How cute! We have 5 or 6 Leopard frogs that have moved into our new pond. I imagine one day in the next few years I might see one of those "mystery creatures", too.


----------



## KiltyONeal (Jan 25, 2006)

I saw him again today. I was feeding the fish and he popped up suddenly. I just hope he doesn't leap up and go for my jugular some day when I'm leaning over the surface of the pond.


----------



## Niki2105 (Apr 12, 2005)

How big are your fish... its a wonder they didnt eat him before he got that big. But that is a cute little "almost" frog you got there. lol.
Niki


----------



## KiltyONeal (Jan 25, 2006)

I just have guppies and rainbow fish in that pond. He'll probably be making a meal of the fish soon!


----------



## BIT01 (Jun 18, 2006)

zFrogs normally don't eat fish. They will occasionially mistake them for food but then spit them back out. If that happens too often though the fish will get stressed and die.


----------



## flamingo (Nov 5, 2005)

Bit, I've had frogs sometimes go after smaller fish, but it's very rare.

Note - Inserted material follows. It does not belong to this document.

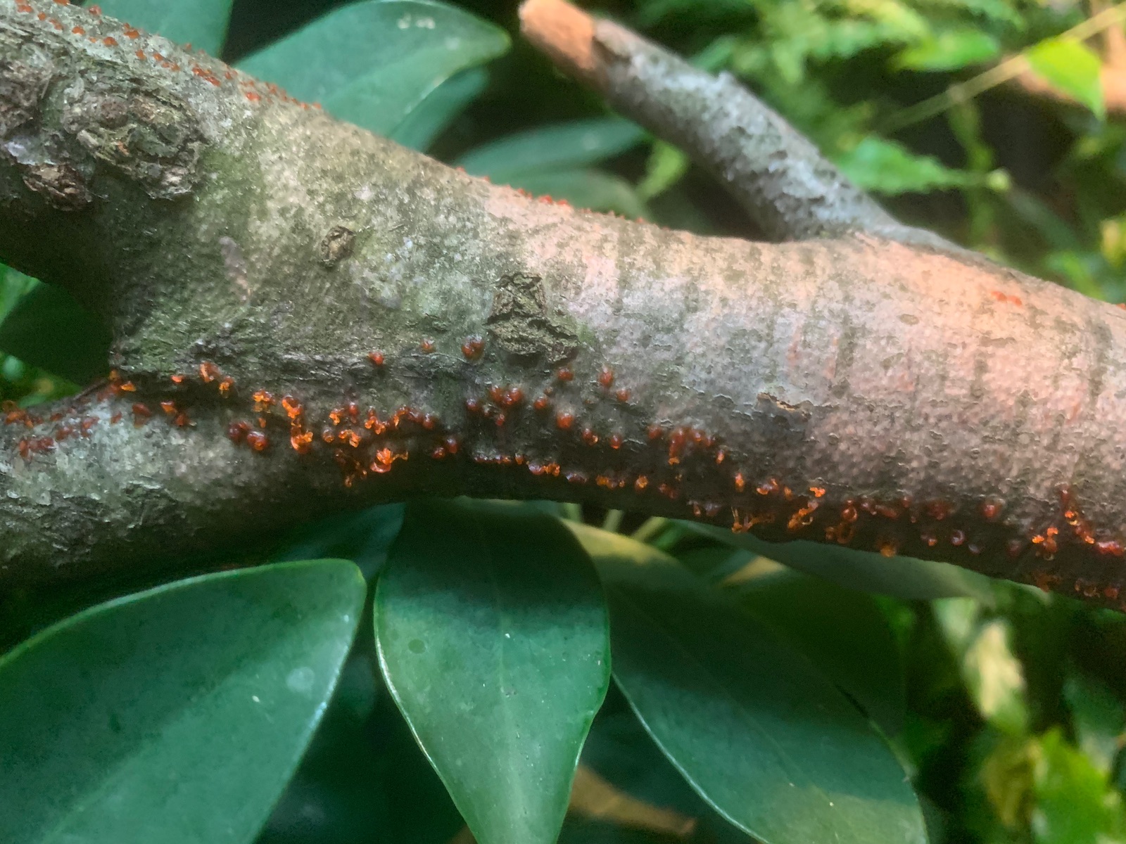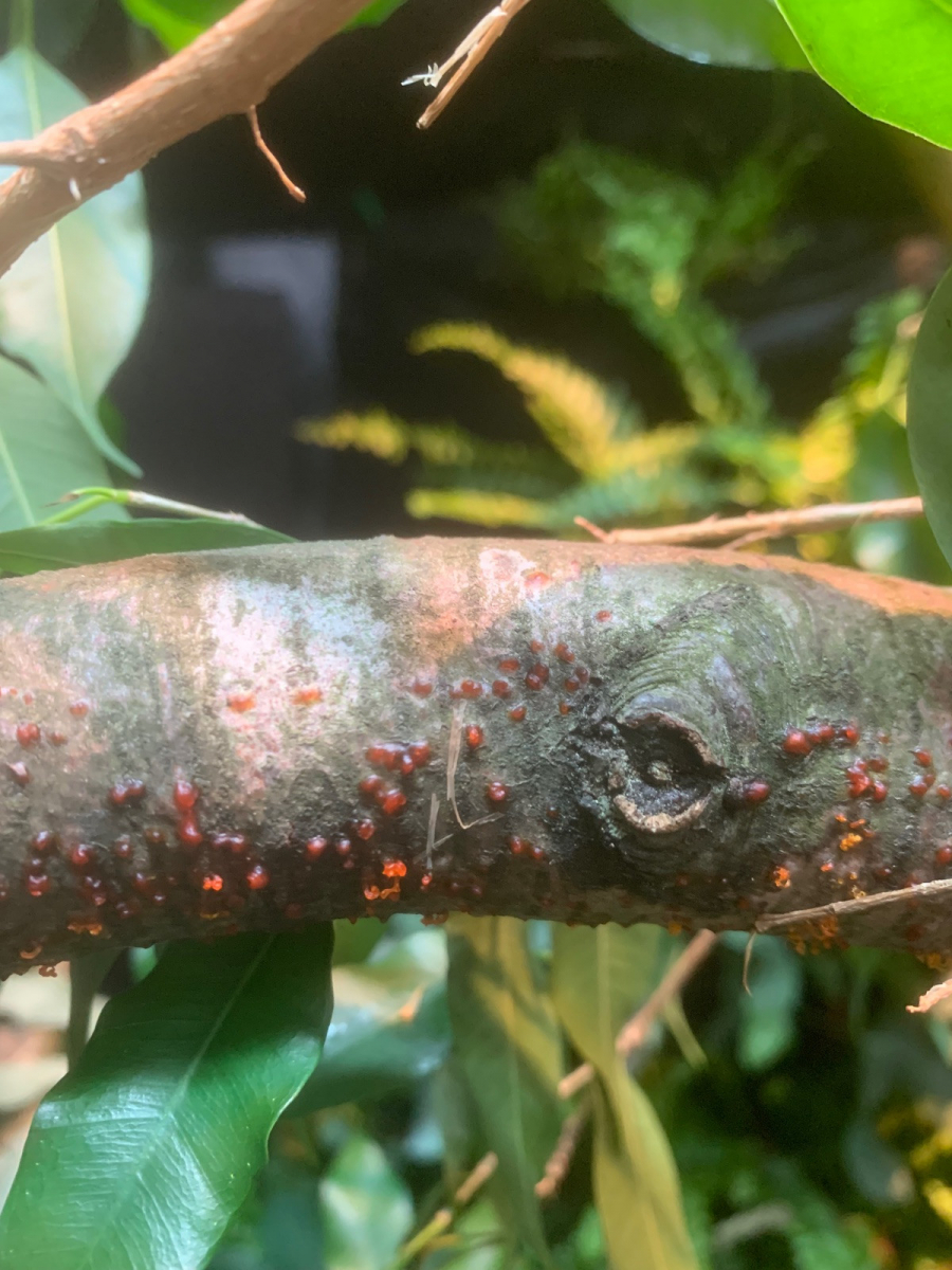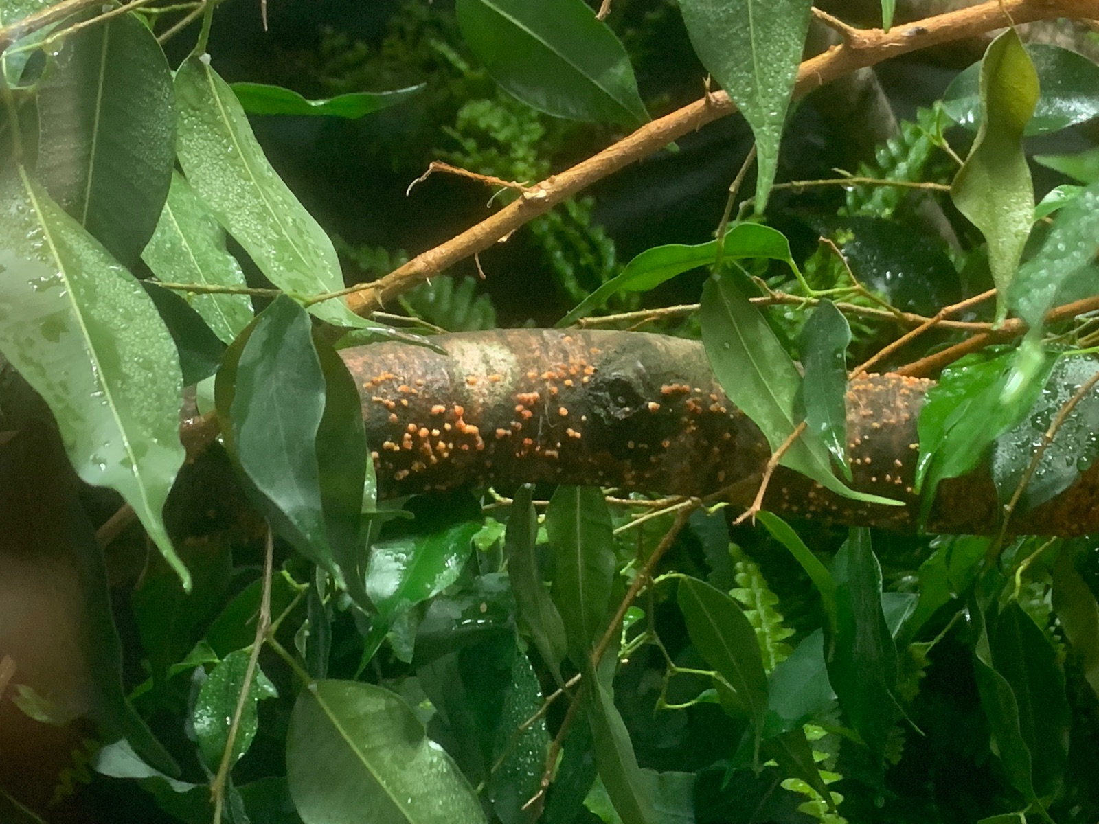 Für euch ist das sicher ein Leichtes: Ich habe relativ frische Buchenäste (lagen aber schon am Boden) in mein Terrarium verbracht, wo sich jetzt bei angenehmen 25-30°C und relativ hoher Luftfeuchtigkeit eine Spezies aus eurem Lieblings-Reich scheinbar sehr wohlfühlt. Aber welche?

Watch out though...by having one frog in there that just about guarantees you'll have a lot more coming..

In our old big pond we thought it was cute because a little frog moved in, two weeks later we had over twenty. Was kinda cool but annoying when you had 3 bullfrogs the size of your hand croaking at night.


----------



## BIT01 (Jun 18, 2006)

see line 1 word 2


----------